On a monthly basis, Frank’s management team gathers for a chart meeting, with everyone coming prepared to explain in detail any item that may be 5 percent less or 5 percent more than what their budget had in place.

Frank also cites the importance of networking for new opportunities by taking part in civic, charitable, and industry events, and of taking the time to connect internally with team members.

“Lastly, very few days pass that I don’t check out the competition,” Frank says, whether it’s local or it’s national, to see who is a trendsetter and who is doing work of the highest quality. “Great competition drives us all to higher levels.”

Growth

On a daily basis, as CEO your primary focus is always growth, says Mike Rorie, who started GroundMasters in Cincinnati in 1979 with a pick-up truck and a lawn mower and parlayed that into a $30-million operation that he sold to Brickman in 2006. Never one to sit idle, he now heads up GroundSystems in Cincinnati.

“Growth is the vehicle to provide opportunity to the entire organization,” he explains. “There’s a lot of areas that require attention, but strategic growth is paramount to the overall success and sustainability of the business.”

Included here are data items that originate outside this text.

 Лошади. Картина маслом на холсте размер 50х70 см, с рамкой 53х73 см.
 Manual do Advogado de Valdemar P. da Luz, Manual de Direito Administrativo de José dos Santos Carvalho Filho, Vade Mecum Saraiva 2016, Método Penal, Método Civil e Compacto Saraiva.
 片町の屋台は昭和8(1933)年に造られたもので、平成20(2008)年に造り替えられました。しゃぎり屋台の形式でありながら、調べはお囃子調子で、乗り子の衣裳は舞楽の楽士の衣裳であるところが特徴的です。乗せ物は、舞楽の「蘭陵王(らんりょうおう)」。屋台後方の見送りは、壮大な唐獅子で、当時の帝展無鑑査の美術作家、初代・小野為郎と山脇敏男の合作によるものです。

But, Mike reminds us, with growth comes new challenges, which requires being staffed at key levels of the business. You need a strong sales team, field leadership that can deliver to the customer, and well-planned account management and operations management. “Growth brings prosperity, but the demands it brings to manage and deliver are very real. If I’m doing my job well as CEO, I’m ensuring we’ve got the right people in place to do what we need to do.”

Vision

Think about scalability in every aspect, including yourself and your team, advises Jim McCutcheon, CEO of HighGrove Partners, Atlanta’s market leader in commercial maintenance. “If most decisions have to run through the CEO, you will limit the growth of the company to just what you can handle. I have four senior leaders and, as I always say, I have done all of their jobs but I can’t do them as well as they can do them individually. The team is stronger than any one person.”

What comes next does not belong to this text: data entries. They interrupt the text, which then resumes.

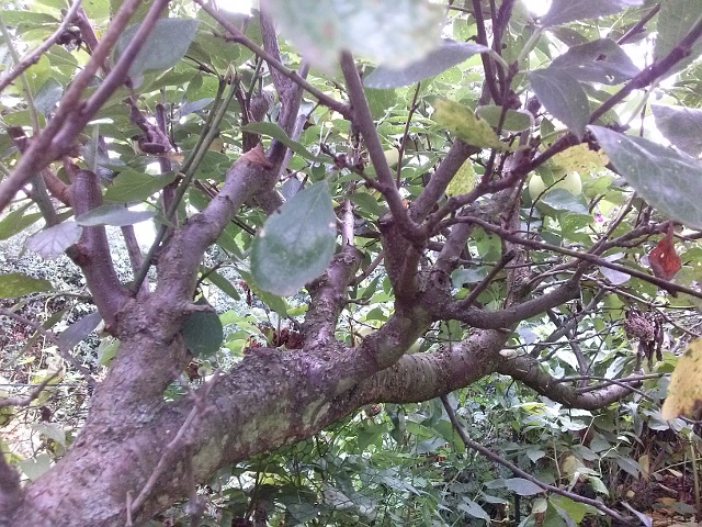 Im Bild Mirabelle, links zum Glück mal ein junger Trieb aus dem Altholz.
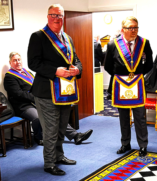 | The Mark Masons outside the door of the Lodge re-entered and saluted the newly installed W.M, Officers for the ensuing year were presented with their appropriate collars and had their duties explained, the usual addresses were then given in turn to the Wardens, the Overseers and finally the address to all present was given by our PGM. Keith gave his personal congratulations to the W.M. and wished him and all the members of the Lodge a healthy and happy year ahead. | |
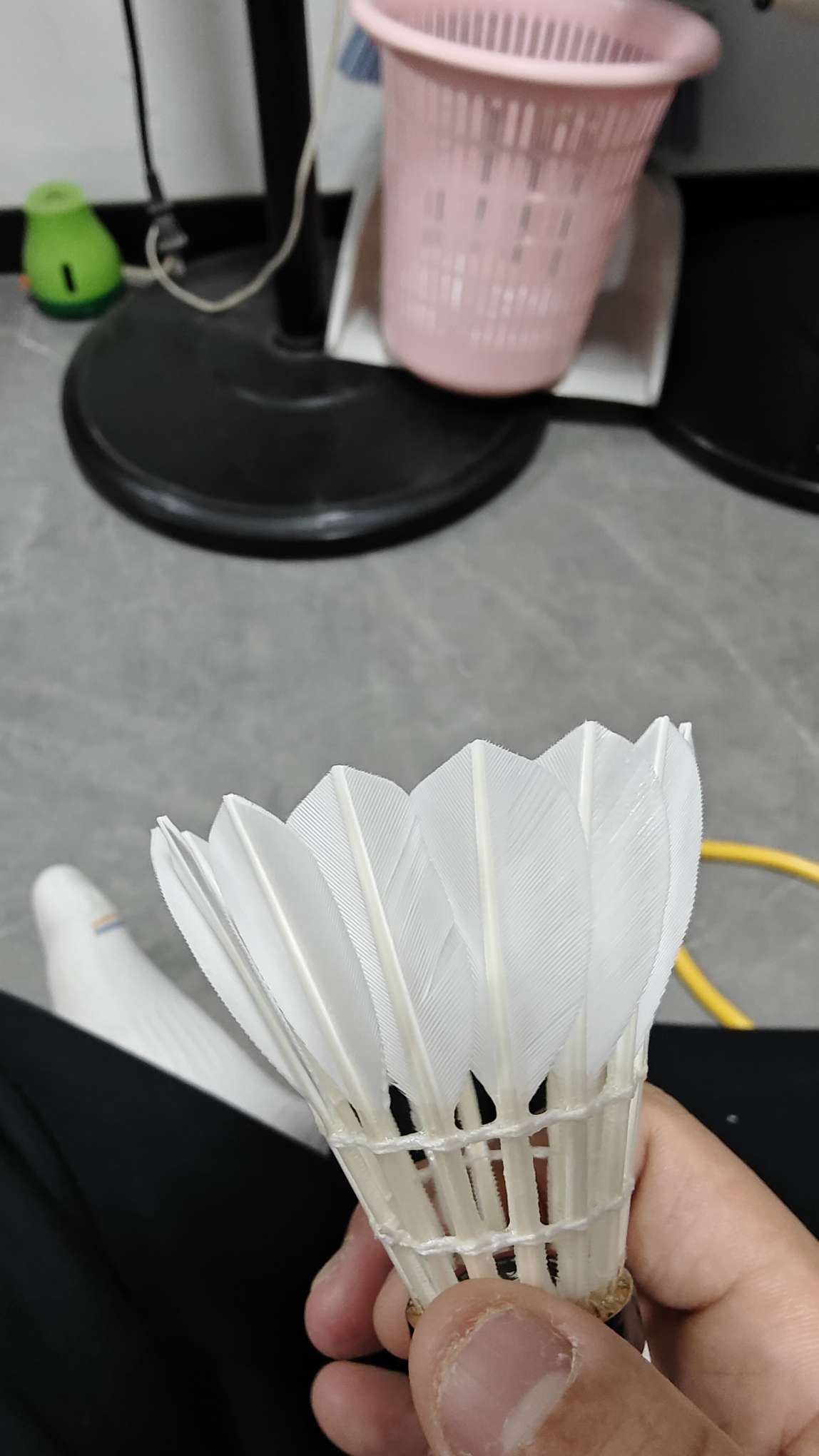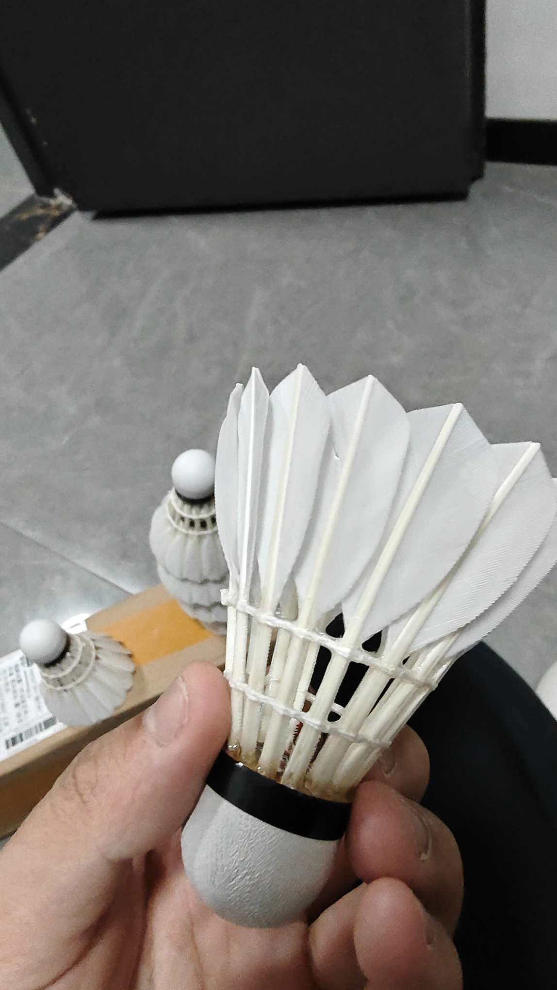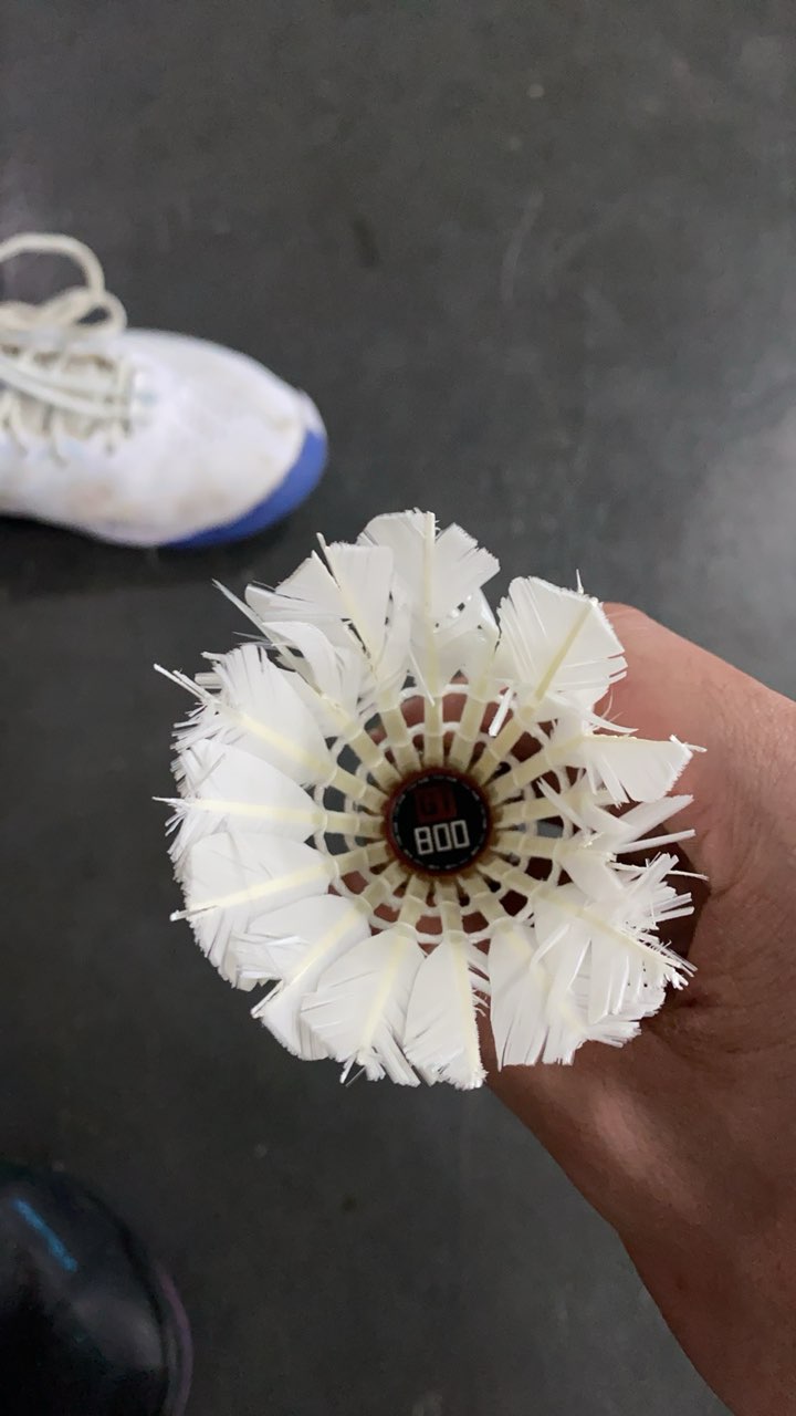 外观:一级鹅刀翎,羽毛无瑕疵 飞行:一桶12个球未见明显摇摆,个别有轻微摇摆不影响 耐打:图一为4~5级水平四场单打的状态,打到最后有一根断毛,非常满意 特点:球头硬度不高,基本一场单打后球...

Jim says he spends most of his time as CEO focused on the vision and on motivating his team to build the mission and reach success. They have strategic planning meetings twice a year, which he leads, and they meet at least once a month to ensure they are on track with their plans. He’s always got his eye on the future, too: What are the opportunities and risks? When do they need to make investments for the future that might have a short-term negative impact?

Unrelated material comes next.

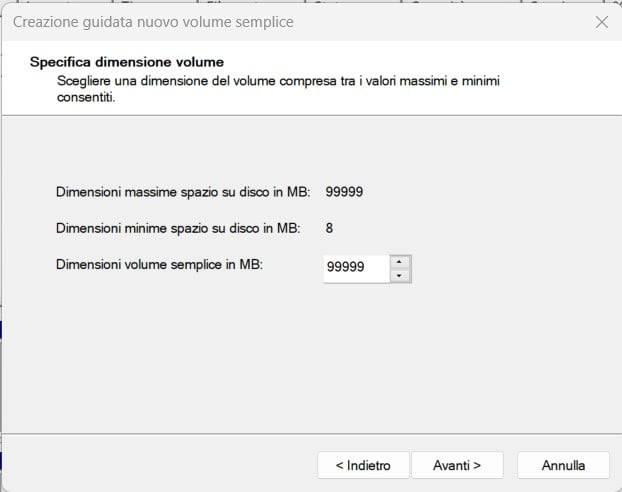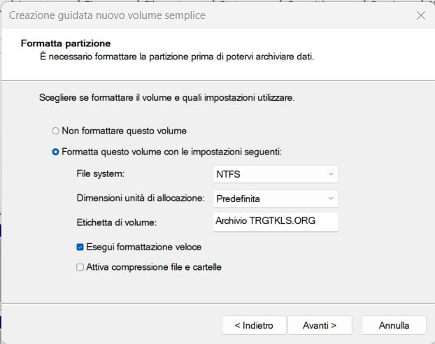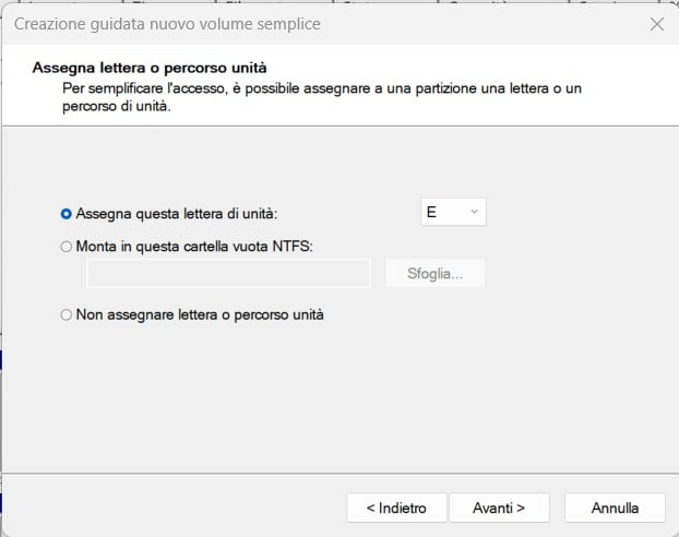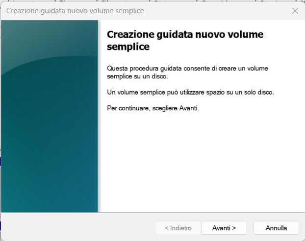 Segui l'installazione guidata per procedere alla creazione della partizione;

His last bit of advice on the role of the CEO is crucial. “I often call myself the ‘Protector of the Culture,’” he says. “I want to make sure the actions, tone, words, look and feel are all commensurate with the type of culture we want at HighGrove.”

And my advice? Wise CEOs do what I did here. They go and seek out guidance from other CEOs who are running larger and more successful companies than their own. They strive to learn from and emulate the best, because that’s how you get better.